[Recorded data]
=-=-=

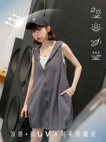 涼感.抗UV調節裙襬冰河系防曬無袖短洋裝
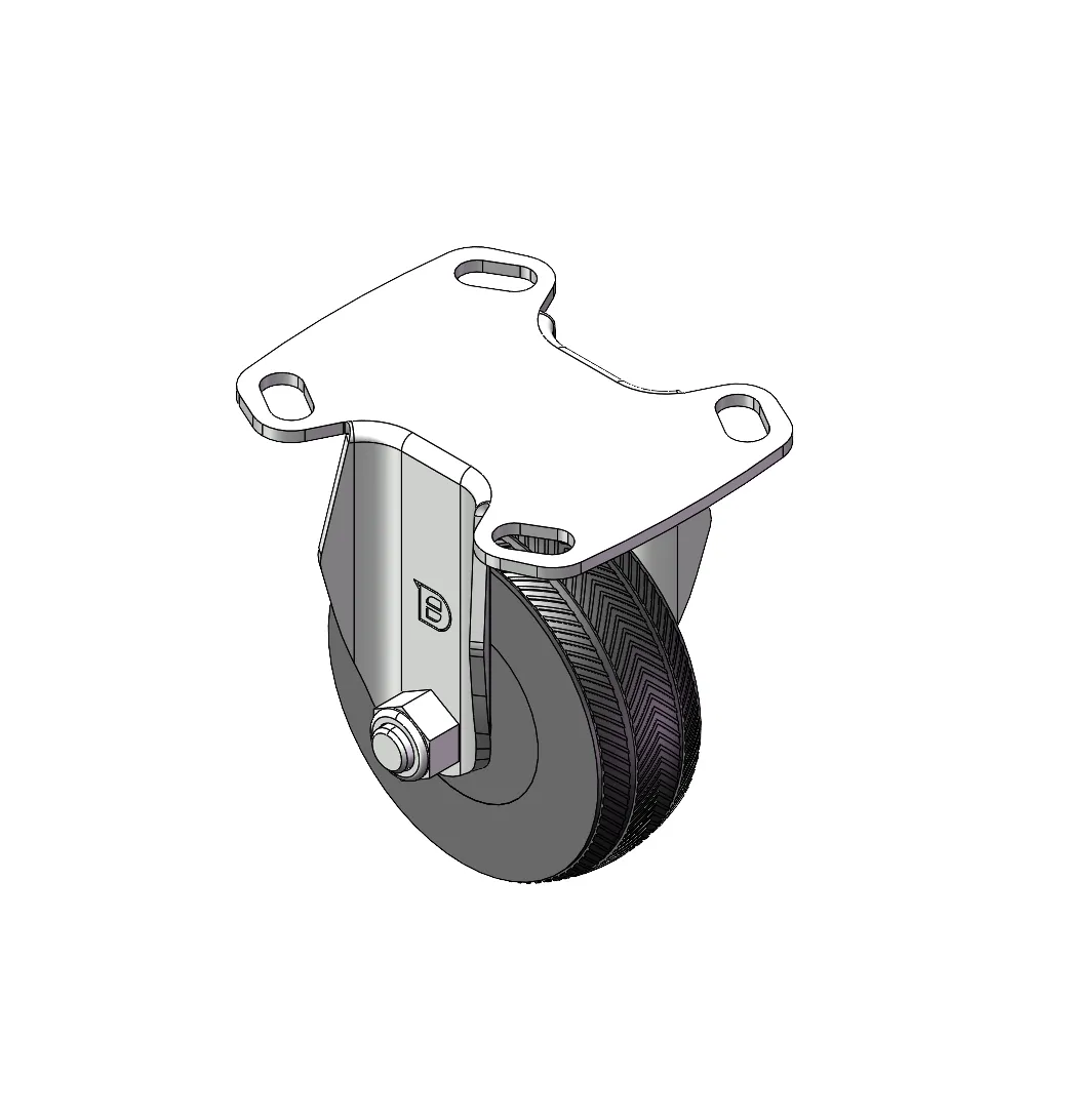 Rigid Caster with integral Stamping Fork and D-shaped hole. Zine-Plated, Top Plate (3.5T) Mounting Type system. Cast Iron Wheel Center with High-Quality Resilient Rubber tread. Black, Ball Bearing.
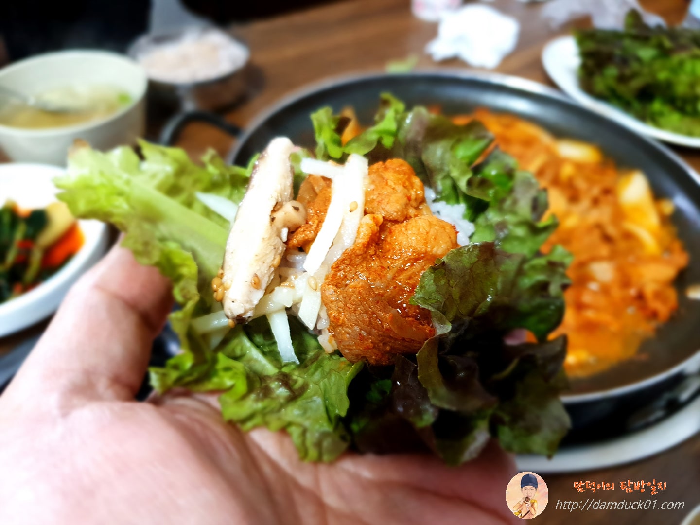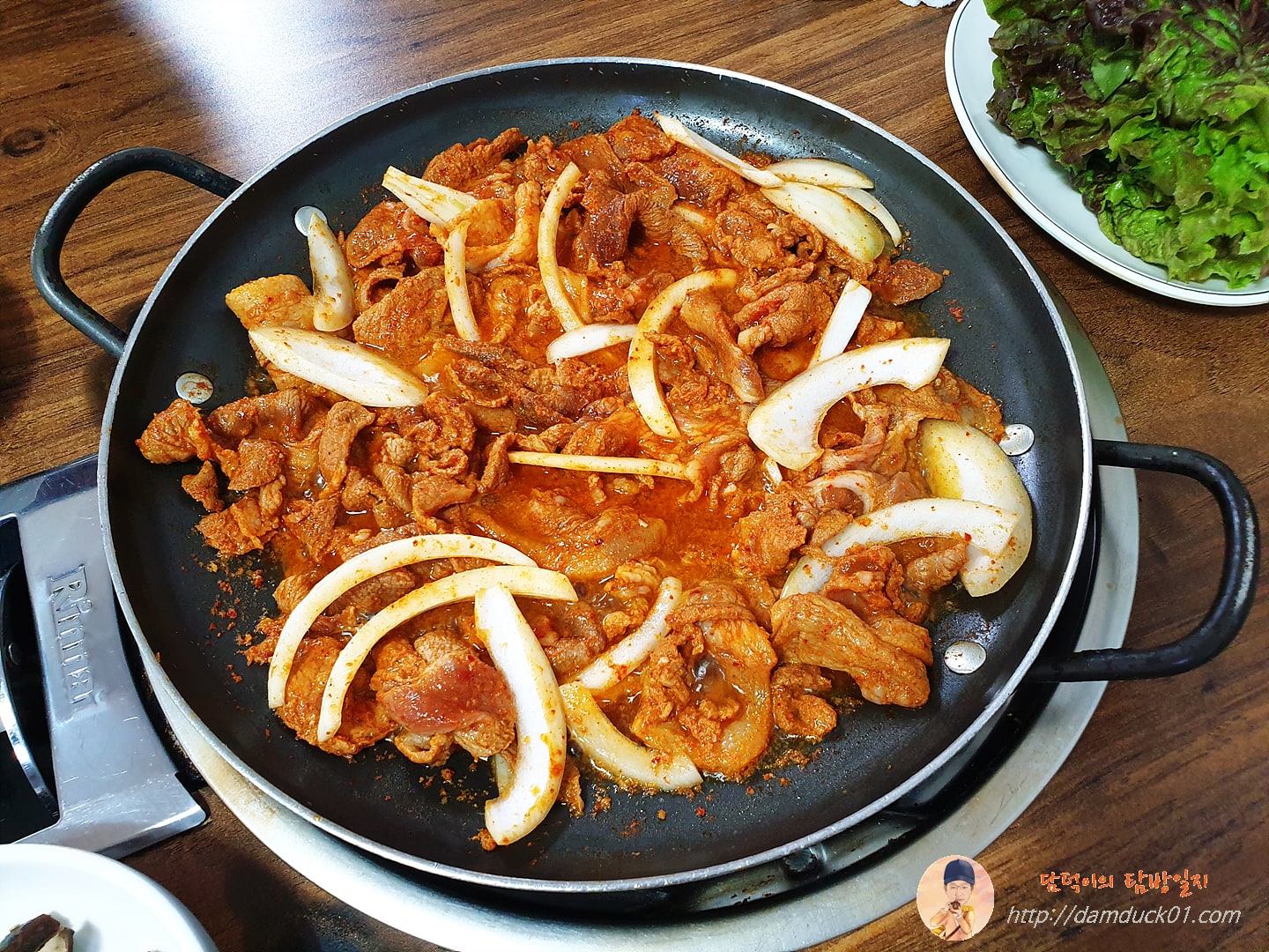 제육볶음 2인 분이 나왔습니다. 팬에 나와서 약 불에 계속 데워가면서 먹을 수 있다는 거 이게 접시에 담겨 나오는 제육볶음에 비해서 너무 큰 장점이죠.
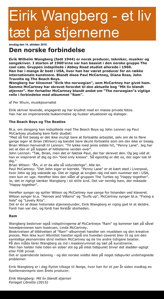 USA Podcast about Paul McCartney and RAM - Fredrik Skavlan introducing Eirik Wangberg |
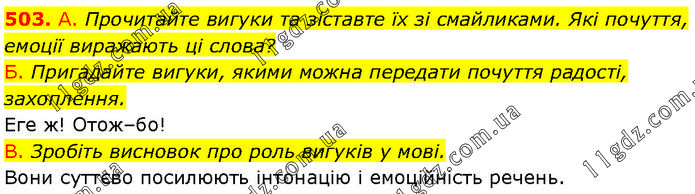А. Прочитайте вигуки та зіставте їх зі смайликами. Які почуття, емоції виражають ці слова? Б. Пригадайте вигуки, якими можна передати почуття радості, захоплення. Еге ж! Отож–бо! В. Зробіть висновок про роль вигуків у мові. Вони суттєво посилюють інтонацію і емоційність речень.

=-=-=

Each record above must be retyped exactly as given, with the images excluded.

• [Written response]:
 涼感.抗UV調節裙襬冰河系防曬無袖短洋裝
 Rigid Caster with integral Stamping Fork and D-shaped hole. Zine-Plated, Top Plate (3.5T) Mounting Type system. Cast Iron Wheel Center with High-Quality Resilient Rubber tread. Black, Ball Bearing.
 제육볶음 2인 분이 나왔습니다. 팬에 나와서 약 불에 계속 데워가면서 먹을 수 있다는 거 이게 접시에 담겨 나오는 제육볶음에 비해서 너무 큰 장점이죠.
 USA Podcast about Paul McCartney and RAM - Fredrik Skavlan introducing Eirik Wangberg |
А. Прочитайте вигуки та зіставте їх зі смайликами. Які почуття, емоції виражають ці слова? Б. Пригадайте вигуки, якими можна передати почуття радості, захоплення. Еге ж! Отож–бо! В. Зробіть висновок про роль вигуків у мові. Вони суттєво посилюють інтонацію і емоційність речень.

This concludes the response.